In our comparison of ML models, the performance of SVM was not the most favorable for this task, contrary to its reputation for effectiveness in binary classification.48 Although SVM excels when faced with simpler feature spaces, its performance tends to diminish in higher dimensional feature spaces.49 Although kernel functions are applied to address these complexities, their efficacy diminishes in highly complex feature spaces.50 The propensity value distribution plot of the SVM models are different compared to all other models or the reference model, which can be attributed to the inherent nature of SVM in binary classification tasks. Unlike other algorithms that aim for a more symmetric separation between classes, SVM is designed to find the hyperplane that maximally separates the two classes while minimizing the margin violations. This results in a unique characteristic where SVM attempts to position the hyperplane in a way that as few data points as possible are located close to it – that is, the propensity values will be denser at the extremes (0, 1) as compared to the other methods. Despite this, we deemed it worthwhile to explore SVM’s utility in our study, considering that the relationships between the collected features and the prediction task might involve less intricate interconnections, making SVM well-suited for such scenarios.

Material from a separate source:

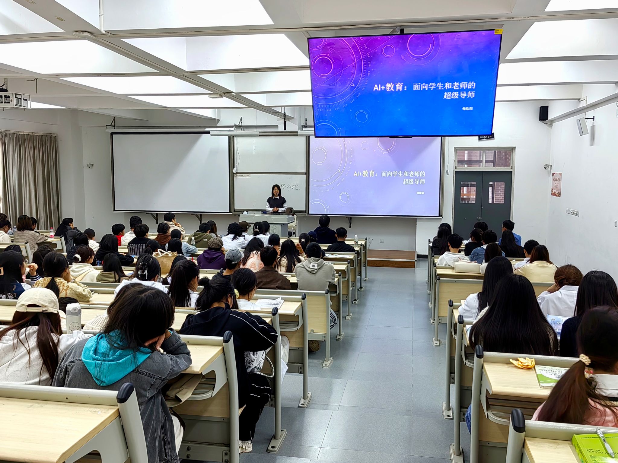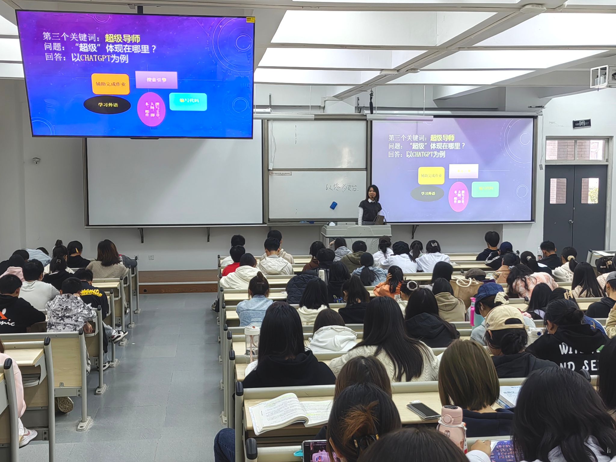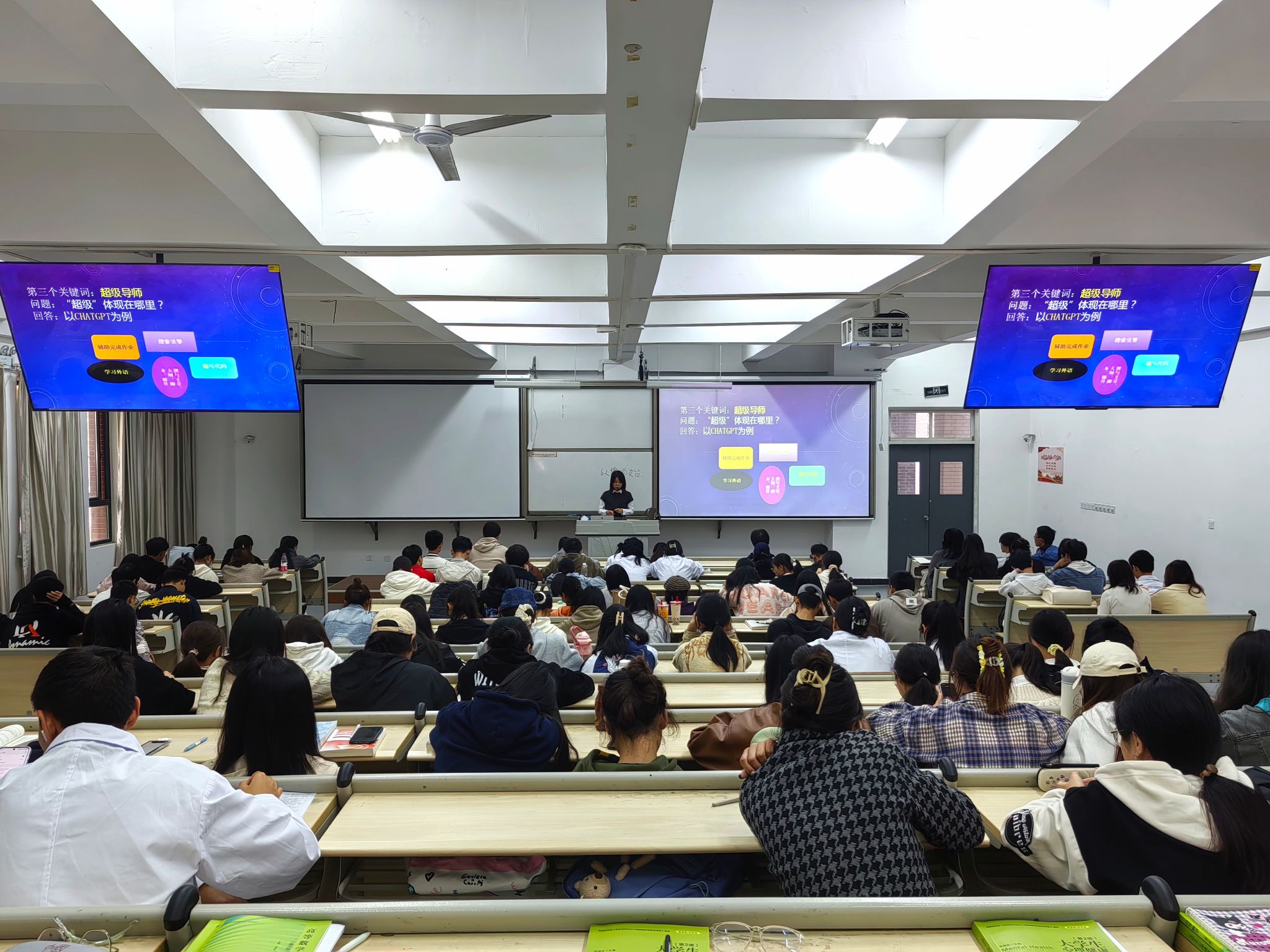 讲座开始母欧阳提出“现在的教育算高效吗?”这一问题引入话题,从三个方面进行讲解,层层深入。一是以“健康照护师”这一职业为例,告诉同学们当前教育留有滞后性,教材版本、固化的学习方式让同学们没有形成高效的学习模式。二是讲解了人工智能CHATGPT的多功能用法,重点突出了帮助员工学习这一特点,从而引出“超级导师”这个概念。三是提出AI对教育领域的影响有“取消时空限制”“提高教育拓展性”“更新教育理念”,鼓励同学们要合理利用“AI+”,加强自我教育。

On the other hand, our expectations for Gradient Boosting models, specifically XGBoost and LightGBM, were met with promising results. Given the high-dimensional nature of our data, Gradient Boosting was anticipated to perform well due to its ability to handle complex relationships within features. Both XGBoost and LightGBM demonstrated strong performance; however, XGBoost outperformed LightGBM. This could be attributed to the latter’s emphasis on fast training performance rather than optimizing predictive accuracy. Nevertheless, our findings show that ML models perform similarly to traditional logistic regression and therefore, suggest a notable potential for ML models, particularly Gradient Boosting algorithms, in generating weights for IPTW in observational studies.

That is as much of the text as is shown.